So here’s the data frame.
id <-c(1,1,1,1,1,1,1,1,1,1,2,2,2,2,2,2,2,2,2,2,3,3,3,3,3,3,3,3,3,3)
a <-c(3,1,3,3,1,3,3,3,3,1,3,2,1,2,1,3,3,2,1,1,1,3,1,3,3,3,2,1,1,3)
b <-c(3,2,1,1,1,1,1,1,1,1,1,2,1,3,2,1,1,1,2,1,3,1,2,2,1,3,3,2,3,2)
c <-c(1,3,2,3,2,1,2,3,3,2,2,3,1,2,3,3,3,1,1,2,3,3,1,2,2,3,2,2,3,2)
d <-c(3,3,3,1,3,2,2,1,2,3,2,2,2,1,3,1,2,2,3,2,3,2,3,2,1,1,1,1,1,2)
e <-c(2,3,1,2,1,2,3,3,1,1,2,1,1,3,3,2,1,1,3,3,2,2,3,3,3,2,3,2,1,3)
df <-data.frame(id,a,b,c,d,e)
df
Basically what I would like to do is to get the occurrences of numbers for each column (a,b,c,d,e) and for each id group (1,2,3) (for this latter grouping see my column ’id’).
So, for column ’a’ and for id number ’1’ (for the latter see column ’id’) the code would be something like this:
as.numeric(table(df[1:10,2]))
##The results are:
[1] 3 7
Just to briefly explain my results: in column ’a’ (and regarding only those records which have number ’1’ in column ’id’) we can say that number '1' occured 3 times and number '3' occured 7 times.
Again, just to show you another example.

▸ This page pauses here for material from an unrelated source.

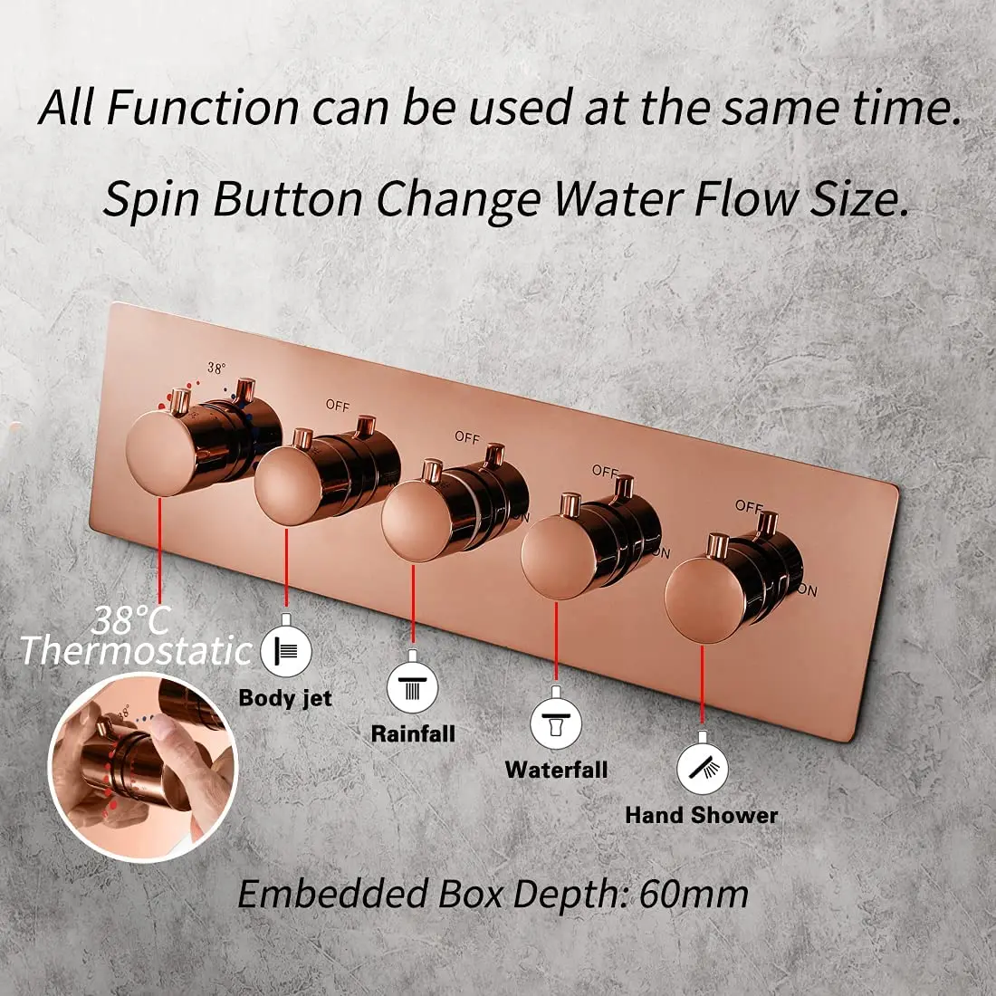 Music Shower System LED Shower Combo Set Thermostatic Bathroom Shower Faucet Set Rose Gold Bluetooth Smart Musical Shower Set

For column ’a’ and for id number ’2’ (for the latter grouping see again column ’id’):
as.numeric(table(df[11:20,2]))
##After running the codes the results are:
[1] 4 3 3
Let me explain a little again: in column ’a’ and regarding only those observations which have number ’2’ in column ’id’) we can say that number '1' occured 4 times, number '2' occured 3 times and number '3' occured 3 times.
So this is what I would like to do. Calculating the occurrences of numbers for each custom-defined subsets (and then collecting these values into a data frame). I know it is not a difficult task but the PROBLEM is that I’m gonna have to change the input ’df’ dataframe on a regular basis and hence both the overall number of rows and columns might change over time…
What I have done so far is that I have separated the ’df’ dataframe by columns, like this:
for (z in (2:ncol(df))) assign(paste("df",z,sep="."),df[,z])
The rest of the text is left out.